### Data under study
☆ ☆ ☆
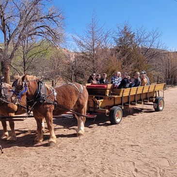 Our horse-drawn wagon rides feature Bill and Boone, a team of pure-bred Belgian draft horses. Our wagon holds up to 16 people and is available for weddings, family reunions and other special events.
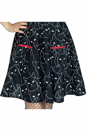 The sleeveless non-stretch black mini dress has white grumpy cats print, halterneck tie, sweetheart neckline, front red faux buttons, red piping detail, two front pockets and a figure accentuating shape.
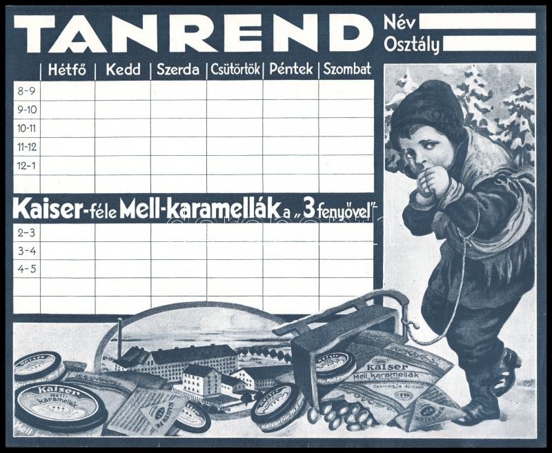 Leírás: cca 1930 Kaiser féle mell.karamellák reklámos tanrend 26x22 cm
☆ ☆ ☆
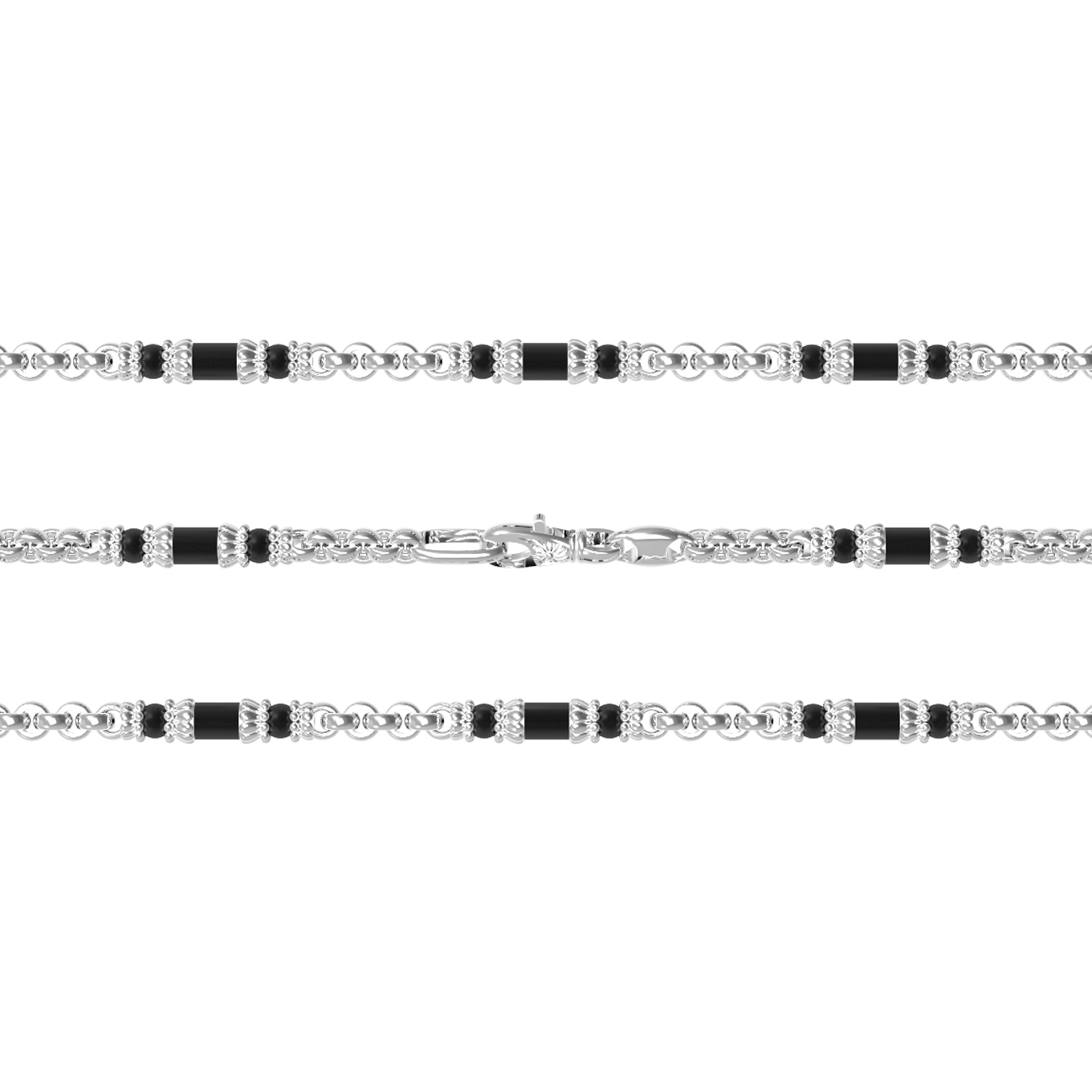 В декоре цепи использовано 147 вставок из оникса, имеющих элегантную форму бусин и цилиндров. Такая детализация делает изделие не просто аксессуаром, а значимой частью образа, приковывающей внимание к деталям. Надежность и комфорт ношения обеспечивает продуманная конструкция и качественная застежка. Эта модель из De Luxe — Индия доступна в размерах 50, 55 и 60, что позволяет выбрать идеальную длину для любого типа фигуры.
☆ ☆ ☆
### Action item
Write back the stretch of lines above that begins with the line holding "Our horse-drawn wagon" and ends with the line holding "Leírás: cca 1930", both included, exactly as written. Pictures stay out.

### Solution to the problem
 Our horse-drawn wagon rides feature Bill and Boone, a team of pure-bred Belgian draft horses. Our wagon holds up to 16 people and is available for weddings, family reunions and other special events.
 The sleeveless non-stretch black mini dress has white grumpy cats print, halterneck tie, sweetheart neckline, front red faux buttons, red piping detail, two front pockets and a figure accentuating shape.
 Leírás: cca 1930 Kaiser féle mell.karamellák reklámos tanrend 26x22 cm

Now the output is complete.